Я был особенно отвратителен в эту пору. Я приехал в Орел из Петербурга, где я ездил в свет и был весь полон тщеславия. Мне жалко было Митиньку, но мало. Я повернулся в Орле и уехал, и он умер через несколько дней. Право, мне кажется, мне в его смерти было самое тяжелое то, что она помешала мне участвовать в придворном спектакле, который тогда устраивался и куда меня приглашали» (34, 385).

Позже, в «Анне Карениной», в ХХ главе V части, единственной, которая имеет название в романе, и это название «Смерть», Толстой в подробностях воссоздал сцену ухода из жизни брата Левина — Николая. В ней сошлись мотивы страха и отчаяния перед лицом смерти, сострадания к мучениям умирающего и рассудочный эгоизм крепкого здоровьем Константина, мистические противостояния смерти и жизни.

Л. Н. Толстой.
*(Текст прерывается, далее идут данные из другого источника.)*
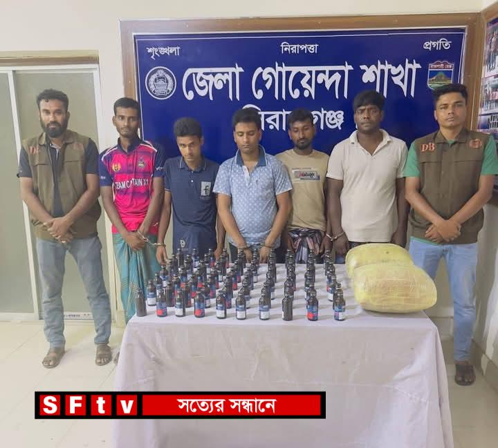 সিরাজগঞ্জ জেলা গোয়েন্দা (ডিবি) পুলিশের বিশেষ অভিযানে ১০ কেজি গাঁজা ও ৭০ বোতল ফেন্সিডিলসহ দুইটি ট্রাক এবং পাঁচজন মাদক কারবারিকে আটক করা হয়েছে। ২৫ এপ্রিল ভোরে পুলিশ সুপার মোঃ ফারুক হোসেনের দিকনির্দেশনায় ও ডিবির অফিসার ইনচার্জ মোঃ একরামুল হোসাইনের সার্বিক তত্ত্বাবধানে এসআই (নিঃ) মোঃ নাজমুল হক ও তার সঙ্গীয় ফোর্স অভিযান পরিচালনা করেন। গোপন সংবাদের ভিত্তিতে সলঙ্গা থানার কুমারগাতি এলাকার সমবায় ট্যাংক লরী ফিলিং স্টেশনের সামনে অবস্থানরত দুইটি ট্রাক থেকে মাদক উদ্ধার করা হয়। আটককৃতরা হলো: মোঃ আলামিন শেখ (৩৮), মোঃ হৃদয় (২৪), মোঃ হেলাল উদ্দিন (৩৩), মোঃ শরীফ (৩৫) ও মোঃ জাকির (১৯)। তাদের বাড়ি সিরাজগঞ্জ, কুড়িগ্রাম ও রাজশাহী জেলার বিভিন্ন এলাকায়। তল্লাশির সময় একটি ট্রাক থেকে ৭০ বোতল ফেন্সিডিল ও অন্য ট্রাক থেকে মোট ১০ কেজি গাঁজা উদ্ধার করা হয়। উদ্ধারকৃত মাদক ও ট্রাক দুটি জব্দ করা হয়েছে। আটককৃতদের বিরুদ্ধে আইনগত ব্যবস্থা গ্রহণ শেষে আদালতে প্রেরণ করা হয়েছে বলে জানিয়েছে পুলিশ।
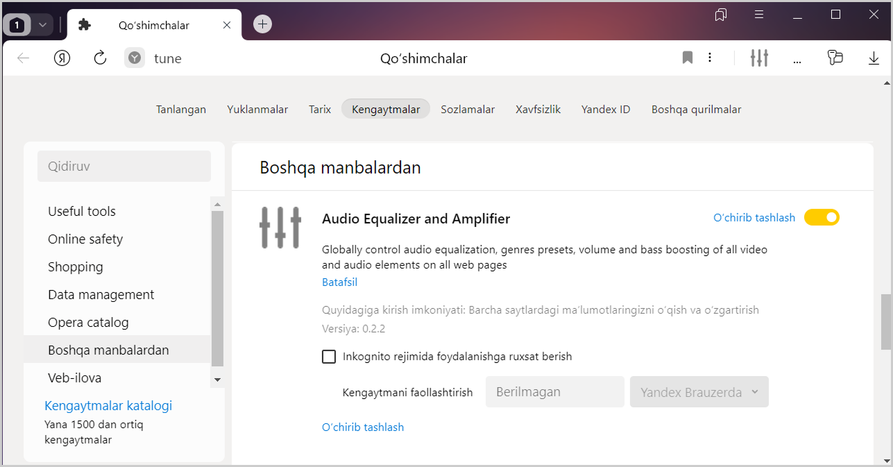 Roʻyxatda oldindan oʻrnatilgan kengaytmalar (masalan, Antishok) va Brauzerning qoʻshimcha funksiyalari (masalan, sinxronlashtirish) keltirilgan.

Фрагмент из «Анны Карениной»

«Прошли еще мучительные три дня; больной был всё в том же положении. Чувство желания его смерти испытывали теперь все, кто только видел его: и лакеи гостиницы, и хозяин ее, и все постояльцы, и доктор, и Марья Николаевна, и Левин, и Кити. Только один больной не выражал этого чувства, а, напротив, сердился за то, что не привезли доктора, и продолжал принимать лекарство и говорил о жизни. Только в редкие минуты, когда опиум заставлял его на мгновение забыться от непрестанных страданий, он в полусне иногда говорил то, что сильнее, чем у всех других, было в его душе: „Ах, хоть бы один конец!“ Или: „Когда это кончится!“ <…>

В нем, очевидно, совершался тот переворот, который должен был заставить его смотреть на смерть как на удовлетворение его желаний, как на счастие. Прежде каждое отдельное желание, вызванное страданием или лишением, как голод, усталость, жажда, удовлетворялись отправлением тела, дававшим наслаждение; но теперь лишение и страдание не получали удовлетворения, а попытка удовлетворения вызывала новое страдание. И потому все желания сливались в одно — желание избавиться от всех страданий и их источника, тела. <…>

Священник, окончив молитву, приложил к холодному лбу крест, потом медленно завернул его в епитрахиль и, постояв еще молча минуты две, дотронулся до похолодевшей и бескровной огромной руки.

— Кончился, — сказал священник и хотел отойти; но вдруг слипшиеся усы мертвеца шевельнулись, и ясно в тишине послышались из глубины груди определенно-резкие звуки:

— Не совсем… Скоро.

И через минуту лицо просветлело, под усами выступила улыбка, и собравшиеся женщины озабоченно принялись убирать покойника.

Вид брата и близость смерти возобновили в душе Левина то чувство ужаса пред неразгаданностью и вместе близостью и неизбежностью смерти, которое охватило его в тот осенний вечер, когда приехал к нему брат. Чувство это теперь было еще сильнее, чем прежде; еще менее, чем прежде, он чувствовал себя способным понять смысл смерти, и еще ужаснее представлялась ему ее неизбежность; но теперь, благодаря близости жены, чувство это не приводило его в отчаяние: он, несмотря на смерть, чувствовал необходимость жить и любить. Он чувствовал, что любовь спасала его от отчаяния и что любовь эта под угрозой отчаяния становилась еще сильнее и чище» (19, 72–75).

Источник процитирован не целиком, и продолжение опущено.